After two years of rough going with our friends in Europe, President Bush’s trip there this week has begun smoothing things over. He doesn’t have the mischievous charm of former President Clinton, but Bush still has impressed Europeans with his own Texas quasi-cowboy persona. These things are not trivial in international relations.

On Iraq, events have served to lessen the hostility of most of “old Europe” (mainly France and Germany) to the U.S. invasion two years ago. After the initial victory against Saddam Hussein’s military, U.S. forces have had a difficult time defeating a stubborn insurgency, with nearly 1,500 U.S. dead and 10,000 casualties. But democracy began budding in last month’s election and, if it can be nurtured, might take hold in the Iraqi desert.

“No one is denying there were differences in the past (on Iraq).
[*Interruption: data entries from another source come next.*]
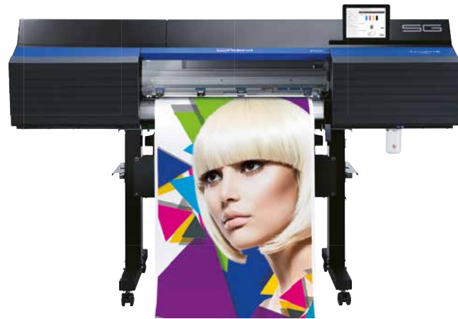
SG-300 (762 mm breit)
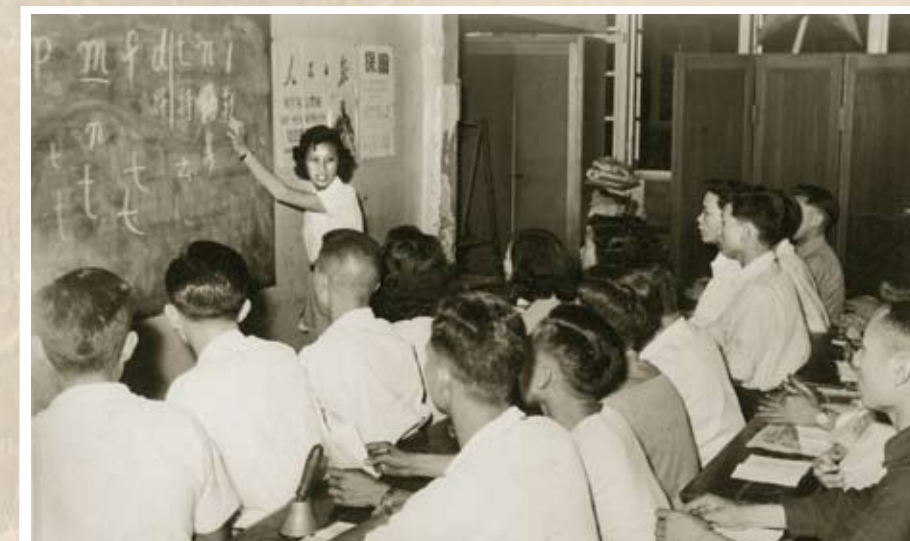
油漆業工會文化班
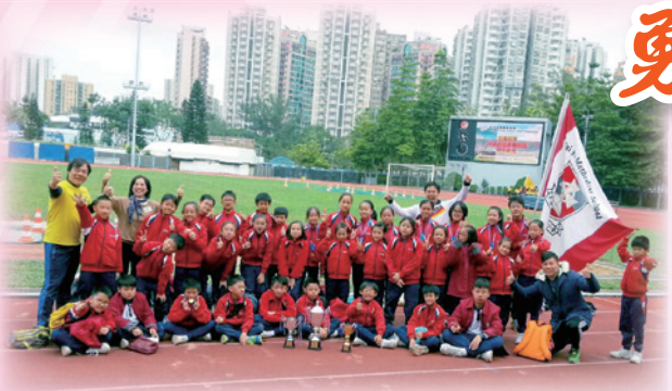
我校陣容鼎盛的田徑隊。

作為一位出色的田徑運動員，必須接受艱苦的訓練，持之以恆，才可達到理想的效果。本學年的田徑隊員都投入及珍惜每一次訓練，希望以最佳的實力展示自己的訓練成果，與其他學校的運動員互相切磋。
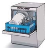
Lave vaisselle 10 à 18 l
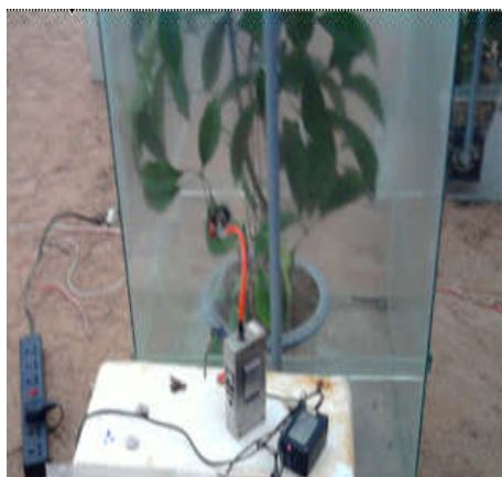
Hình 01. Lấy mẫu khí carbon monoxide

Khoảng nồng độ tiếp xúc: Nồng độ CO cho phép trong môi trường lao động là 20 \text{ mg/m}^3 theo tiêu chuẩn Vệ sinh an toàn lao động của Bộ Y tế năm 2002. Tuy nhiên, theo Quy chuẩn chất lượng không khí xung quanh (QCVN 05, 2009) của Bộ Tài nguyên và Môi trường thì nồng độ khí CO cho phép là 10 \text{ mg/m}^3 . Vì vậy nồng độ carbon monoxide đầu vào trong các buồng thí nghiệm của nghiên cứu này đã được xác định trong khoảng từ 15 - 18 \text{ mg/m}^3 .
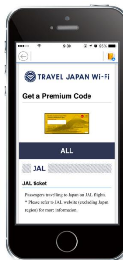
プレミアムコード配布 企業・入手可能場所も 確認できます。
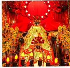
เจ้าแม่กวนอิมของฮ่า
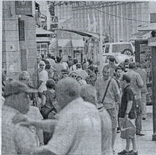
Los miedosos son más reacios a la interacción y el contacto con los demás.

En él, concluyen que la población ceutí refleja "niveles medios
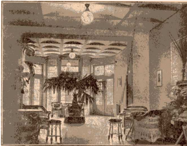
z iskolaszanatórium előcsarnoka.

Magyar Iskolaszanatórium. — Az iskolaszanatóriumot, amely nemcsak Magyarországnak, de szinte egész Európának páratlan intézete, 1930 júniusában avatták fel és adták át nemes rendeltetésének: a gyermek beteg szervezetének gyógyítására és lelkének kiművelésére. Ez az intézet tehát: gyógyít és tanít.
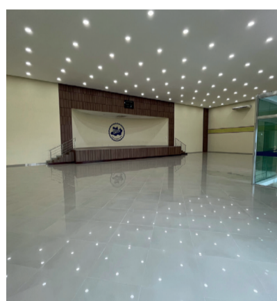
ESPAÇO PARA 25 MESAS DE 10 PESSOAS

But that is the past,” German Chancellor Gerhard Schroeder said Wednesday when he met President Bush. Schroeder was a leader of European opposition to the invasion of Iraq. Now, Germany and other European nations have agreed to a minor effort to help train Iraqi security forces.
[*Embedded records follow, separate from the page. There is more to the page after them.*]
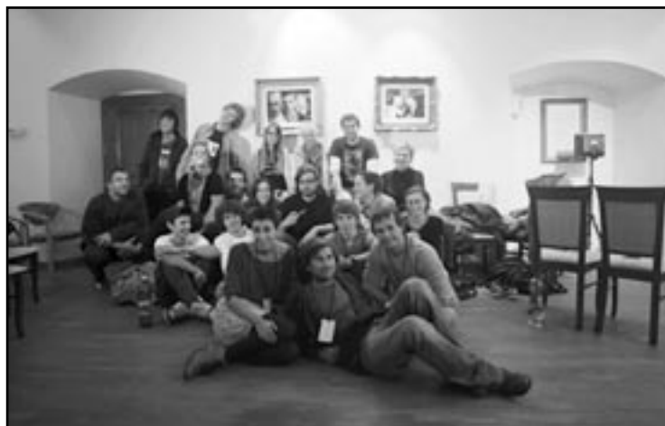
Účastníci filmovej tvorivej dielne.

Priestor na realizáciu dostali aj deti počas tvorivých dielní Street Art, premietal sa samozrejme nezabudnuteľný film Obchod na korze... Projekt mestského kultúrneho strediska Oscarové mesto Sabinov 2011 podporilo aj Ministerstvo kultúry SR a realizoval sa v spoluprá-
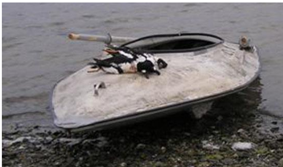
En af de Første fiber langelænder. De korte gængerkøle skimtes på fotoet.

agterenden op i vinden. Dette gav imidlertid problemer i søgang, idet bølgerne nemt løb op over agterdækket og ind i nakken på jægeren.
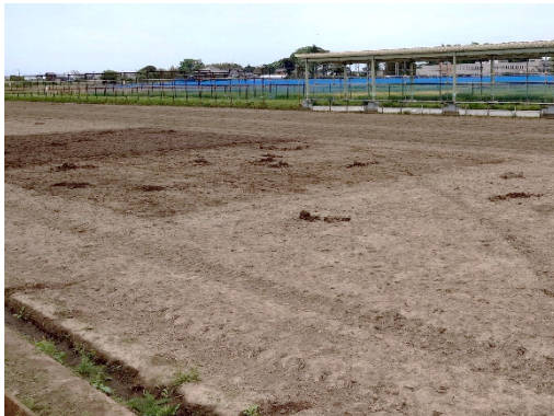
左から土壌水分高、中、低区(耕うん前)
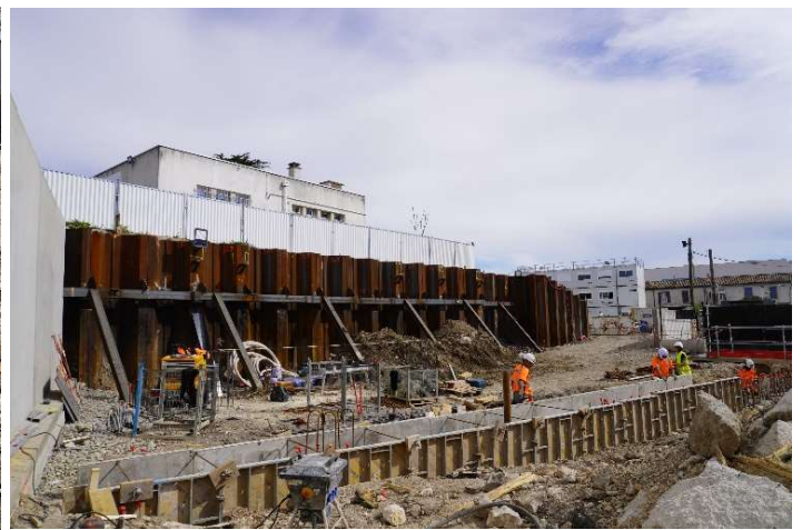
Photo du 08/03/2024 et 16/03/2024 Réalisation de la poutre de couronnement

Basically, on Iraq both sides are “trying to paper over their differences, but there will continue to be fissures,” said Ivan Eland, director of the Center on Peace and Liberty at the Independent Institute. The European leaders are restrained by the majorities of their own people, “who don’t want involvement.” He also believes that if the military situation in Iraq worsens, public opinion in Europe will force European leaders to push harder for an American exit.
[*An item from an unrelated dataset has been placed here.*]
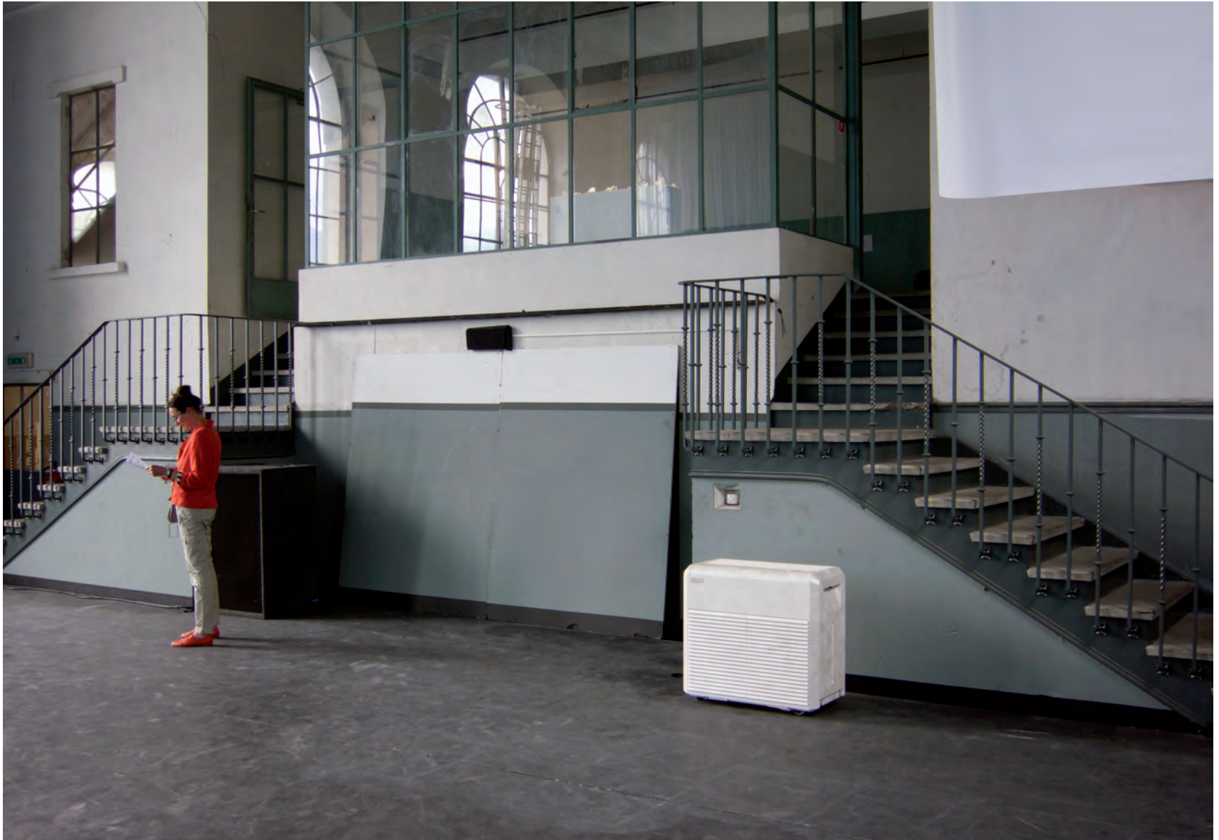
DEFENSOR I 2014 LUFTBEFEUCHTER MIT PERLMUTT - CAMOUFLAGEMUSTER AUSSTELLUNG „CURRENTS, CURTAINS, CODE“ BELLE USINE FULLY

Bush also wanted European leaders to join him in pressuring Iran on potential nuclear weapons development, including potential use of force. The Europeans want the Americans to join them in dialogue with Iran’s mullahs. “While endorsing those talks, Bush has refused European requests to join them,” Reuters reported. So large differences remain.

On Monday, Bush surprised diplomatic observers by calling on the government of Russian President Vladimir Putin to “renew a commitment to democracy and the rule of law.”

Bush is “going into a Jimmy Carter mode of browbeating countries” on human rights, Eland said. The president’s stance stems from his second inaugural address’ call for global democracy. But diplomacy requires more finesse. “The problem is that many times people on the ground are worse off when these regimes are publicly lambasted,” Eland said. Russia’s government, which still has thousands of nuclear weapons, isn’t likely to be bullied any more than is the dictatorship of the People’s Republic of China.

Eland said quiet, behind-the-scenes diplomacy is better, except when light needs to be put on specific persecuted dissidents.

Overall, the president seems to have improved America’s standing among our European friends. But the remaining problems there, as well as the reality on the ground in Iraq, show that idealism still must be tempered with realism.